The present invention relates to a composition for manufacturing a ceramic phosphor plate, a ceramic phosphor plate, and a light emitting device, and more particularly, it is possible to increase the luminous flux by adjusting the particle size of the glass frit when manufacturing the phosphor in glass type phosphor plate. It relates to a composition for manufacturing a ceramic phosphor plate, a ceramic phosphor plate, and a light emitting device.

Light emitting diodes (LEDs), which have recently emerged as a promising next-generation light source, are considered as a potential replacement light source for conventional lighting devices due to their low electricity consumption, high brightness, long lifespan and environmentally friendly devices. White LED was developed by S. Nakamura of Japan. First, a blue LED chip was developed to realize the light of the entire visible ray region as an LED, and white light is produced by combining a yellow fluorescence phosphor and a blue LED. This method was first developed and is currently the most commonly used white LED. In addition, there is a method in which red, green, and blue LEDs are combined or two or more types of phosphors are combined. Epoxy has been mainly used as an LED encapsulant for phosphor application, but recently, a lot of development of a silicone encapsulant having a high refractive index, high hardness, and process efficiency has been made. However, since silicon material is an organic material and has limitations in heat resistance and UV resistance, ceramic plate phosphors are emerging recently. Ceramic plate phosphors include a ceramic sintered type, a crystallized glass type, and a glass powder sintered type. Among them, the glass powder sintered type can be viewed as the most promising technology because the content of phosphors can be freely adjusted and different kinds of phosphors can be freely mixed and used to control color coordinates and color rendering index.
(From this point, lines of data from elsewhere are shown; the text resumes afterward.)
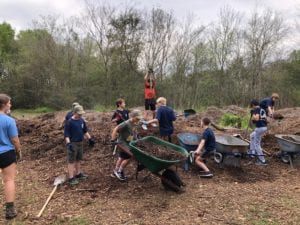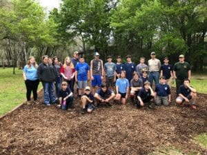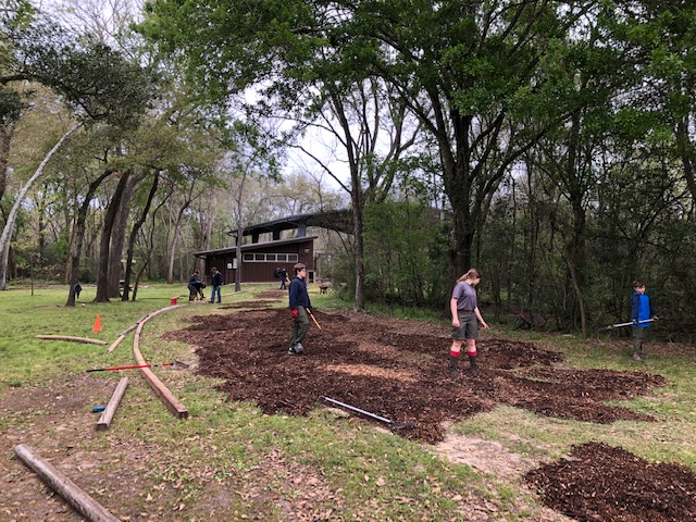 Community service is a key element of the Scouts BSA program and allows members of the troop to keep their promise to “help other people.” This commitment was on full display on March 7 when Troops 584 and 1584 conducted a service day at the YMCA Camp Cinco in Cinco Ranch. The scouts spent the day creating a new access route to the activities pavilion from the main road. The 25 youth involved in the project laid timbers to line the route and hauled seemingly endless wheel barrels of mulch to complete the path and make Camp Cinco a better facility for everyone in the community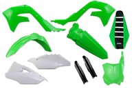 This kit comes complete with everything you need to make your bike look like new. The DeCal Works Mix & Match Color Complete Plastic Kit with Lower Fork Guards and Gripper Seat Cover for your Kawasaki dirt bike allows you to choose each part's color individually to suit your personal style. DeCal Works stocks the largest selection of plastic from top known manufactures including Polisport and UFO. Rest assured, whether you choose Polisport or UFO both manufactures are known for their high resistance, durability, and perfect fit.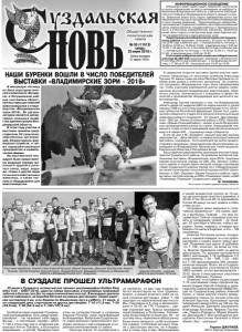 Газета основана 21 марта 1918 г. № 59 (11912) среда, 25 июля 2018 г. Общественно политическая газета ИНФОРМАЦИОННОЕ СООБЩЕНИЕ Избиратель имеет право подать заявление о включении в список избирателей по месту нахождения на выборах Губернатора Владимирской области и депутатов Законодательного Собрания Владимирской области седьмого созыва. Заявление может быть подано избирателем лично при предъявлении паспорта гражданина Российской Федерации в пункт приема заявлений – Территориальную избирательную комиссию Суздальского района, многофункциональный центр предоставления государственных и муниципальных услуг, в участковую избирательную комиссию. Заявление может быть подано в электронном виде через Единый портал государственных и муниципальных услуг. Территориальная избирательная комиссия Суздальского района принимает заявления с 25 июля по 28 августа 2018 года в рабочие дни - с понедельника по пятницу, с 10.00 до 12.00 и с 16.00 до 19.00, в выходные дни с 9.00 до 13.00; с 29 августа по 5 сентября 2018 года в рабочие дни - с понедельника по пятницу, с 10.00 до 12.00 и с 16.00 до 21.00, в выходные дни с 9.00 до 13.00. Участковые избирательные комиссии избирательных участков № 299-342 принимают заявления с 29 августа по 5 сентября 2018 года в рабочие дни - с понедельника по пятницу, с 17.00 до 21.00, в выходные дни с 9.00 до 13.00. НАШИ БУРЕНКИ ВОШЛИ В ЧИСЛО ПОБЕДИТЕЛЕЙ ВЫСТАВКИ «ВЛАДИМИРСКИЕ ЗОРИ - 2018» В минувшую пятницу на базе агротуристического комплекса «Богдарня» в Петушинском районе состоялась областная выставка достижений животноводства и птицеводства «Владимирские зори-2018». Ее организатором является департамент сельского хозяйства администрации Владимирской области. В этом году участие в выставке приняли представители 30 сельскохозяйственных организаций, 20 крестьянско-фермерских хозяйств, а также перерабатывающие предприятия и коммерческие фирмы. На выставочной площадке были представлены ведущие породы молочного крупного рогатого скота, овцы, лошади, птицы и другие виды сельскохозяйственных животных, а также техника и оборудование для животноводства. Участники марафона: второй слева Алексей Круглов, Мария Шмелева, Дмитрий Заозёрский, Лариса Рыжова, Сергей Сахаров, Алексей Кузин, Андрей Жильцов, Владимир Степанов из Ивановской области и Владимир Козлов из с. Черкутино. Особый интерес вызывает Суздальский ультрамарафон. Есть среди трейлраннеров – так называют себя марафонцы – и настоящие «профи»: GRUT Т-100 в этом году уже в четвертый раз выиграл Антон Головин, а Екатерина Андрейцева – в третий. Проверил свои силы на супердистанции и суздалец Алексей Потапов, ныне проживающий во Владимире. Выпускник Суздальского индустриально-гуманитарного колледжа заглянул к нам в редакцию и поделился впечатлениями от забега. - Никогда более 15 километров я В СУЗДАЛЕ ПРОШЕЛ УЛЬТРАМАРАФОН В церемонии открытия выставки принял участие заместитель Губернатора по сельскому хозяйству Александр Трутнев. От имени главы региона Светланы Орловой он пожелал всем успеха и отличного настроения. Он отметил, что программа «Владимирских зорь» была сформирована так, чтобы участники мероприятий смогли увидеть селекционные достижения владимирских животноводов, обменяться опытом, познакомиться с новациями в сфере технологий и производства оборудования для молочного животноводства. Александр Трутне

On the other hand, sintered glass has a disadvantage in that the transmittance is lower than that of melting glass. That is, the PiG (Phosphor in Glass) type ceramic phosphor plate is produced by press-molding a mixture of glass frit and phosphor and then sintering. In the case of sintered glass, an interface between glass frits exists and this The transmittance is lowered by the interface, and light loss occurs.

In the conventional manufacturing process of glass frit, the transmittance of one glass frit is high, but when the glass frits are made of sintered glass, the interface between the frits does not disappear completely, so the transmittance is lowered. will occur

Embodiments of the present invention have been devised to solve the above problems, and it is possible to provide a composition for manufacturing a ceramic phosphor plate in which the luminous flux is increased by preventing light loss by reducing the interface between glass frits. .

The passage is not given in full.